Commercial Collections Blog

What to Know When You Owe

As a business owner, you want to do right by those who help you out and provide you with the service and products that you need so that you can be successful and profitable. Falling behind on your bills may not be your intentions, and it is possible that not paying a bill may be a complete oversight.  There may even be instances where you truly believe that you don’t owe the invoices to your supplier. Whichever case applies to you; there are a few steps and checks that you can complete to ensure that you keep your reputation in good standing.

When You are the Debtor

Once you have received a communication from your creditor about the past due money that is owed, the steps below can guide you through fair and honest business practices.

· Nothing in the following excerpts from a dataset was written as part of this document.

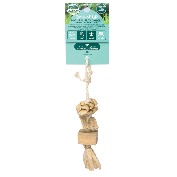 Enriching your pet's daily life starts with supporting natural behaviors such as exploring, playing, hiding, and chewing. Oxbow Enriched Life is designed with these natural behaviors in mind and is constructed from 100% pet-safe materials, allowing you to nurture your pet's mind and body in safe and fun ways every day. The Natural Play Dangly is great for attaching to the habitat and promotes essential chewing behaviors for dental health.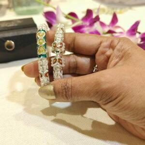 The bangles are finely handcrafted. Meenakari with dark green, maroon and dark yellow.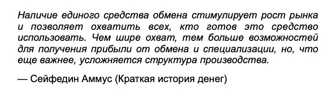 С практической точки зрения, все тяготеют к единому денежному благу, с помощью которого можно выразить ценность, потому что это решение — в их индивидуальных и коллективных интересах. Проблема заключается в том, чтобы интерпретировать ценность другим участникам рынка. Если бы консенсус не был сформирован, сам процесс был бы контрпродуктивным. Но именно свойства самого денежного блага обеспечивают конвергенцию и консенсус. Воображаемый мир с тысячами валют слеп к этим фундаментальным первым принципам. Критическая масса людей, пришедшая к общей переменной, оперирует входными данными, необходимыми для получения действительно значимой информации. И ценность выбранной денежной системы растет, так как все больше участников используют ее в качестве инструмента для обмена товарами и услугами. Фундаментальная причина заключается в том, что чем больше участников используют единую денежную среду, тем больше информации она накапливает и тем полезнее становится.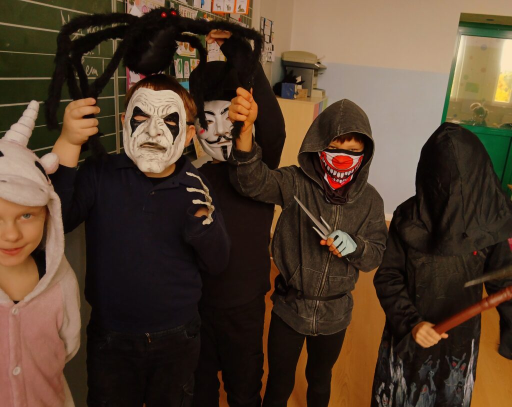 W tym tygodniu na języku angielskim w klasach 1-3 królowały przebrania i Halloween! Na zajęciach graliśmy w gry ruchowe, śpiewaliśmy i wykonywaliśmy prace plastyczne. Było wesoło i strrrrasznie 🙂
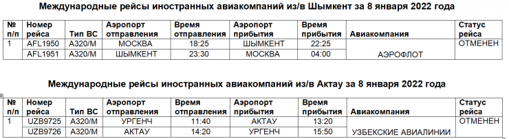 "Из/в города Алматы, Актау, Туркестан, Шымкент, Костанай иностранными авиакомпаниями отменено выполнение 21 рейса в/из городов Москва, Франкфурт, Баку, Дубай, Шарджа, Минск, Стамбул, Ургенч", - также говорится в сообщении МИИР.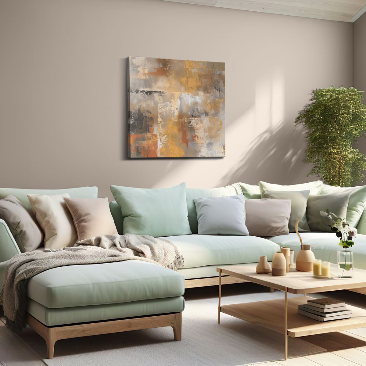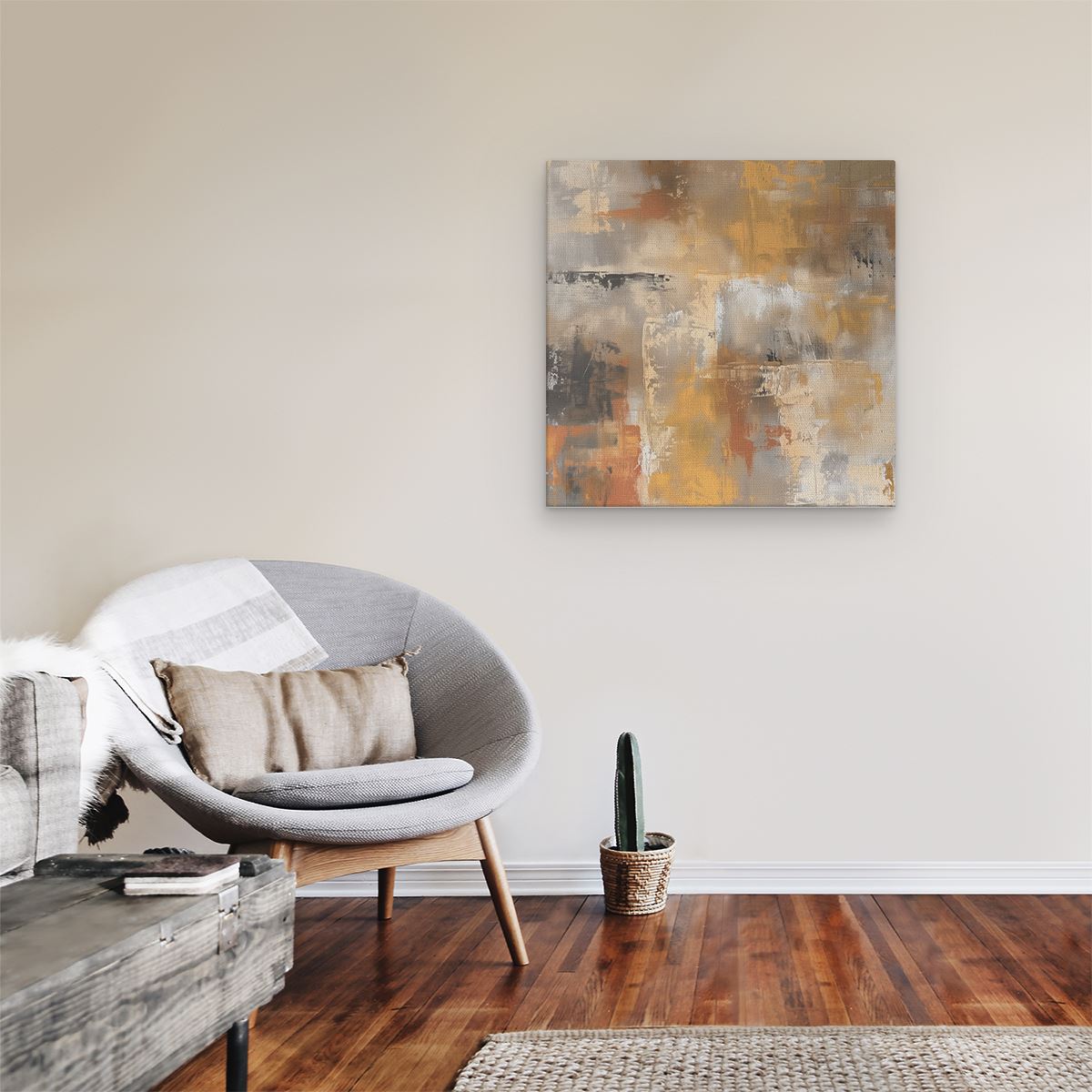 Schilderij Abstract Kunstwerk in Oranje en Beige

  1. Once you receive a phone call, email or letter, you should go through your accounting. Check to see if you have records of the invoice or statement in question. If you are sure that you have paid the bill in full or even a partial payment, verify with your accounts payable or bank. If the error is on your creditor’s side, present all necessary documentation of proof.
  2. If you have determined that you are the one in error, contact the collection agency that is being used by your creditor to either pay off the balance in full or to make a payment arrangement. Sometimes the originator of the invoice or statement is not permitted to talk to you directly once they have hired an agency or legal office.
  3. Whether the missed payment was an accidental oversight or a purposeful withhold, trying to dodge the phone calls and emails are against your best interest. With enough time and frustrations, your creditor may choose to follow with legal action. Hopefully, you will want to take care of any misunderstanding before it comes to legal ramifications. Court proceedings can cost a lot of time and money; they also have the ability to be a detriment to your future business deals. If you withheld payment because you feel like the service that was rendered did not fit your expectations, you need to present fully documented proof to contest the monies owed. Credits or discounts may be provided but aren’t necessarily guaranteed. Also, if you have signed any documentation, payment may still be owed regardless of your reasons.
  4. Know your rights. Not all collection agencies are created equal. Some like to blur the line between acceptable and frowned upon business tactics; others may just outright ignore any laws. A proper collection agency will know the limits set by the federal government and the state. However, do not confuse consumer protection laws with those that pertain to commercial debts.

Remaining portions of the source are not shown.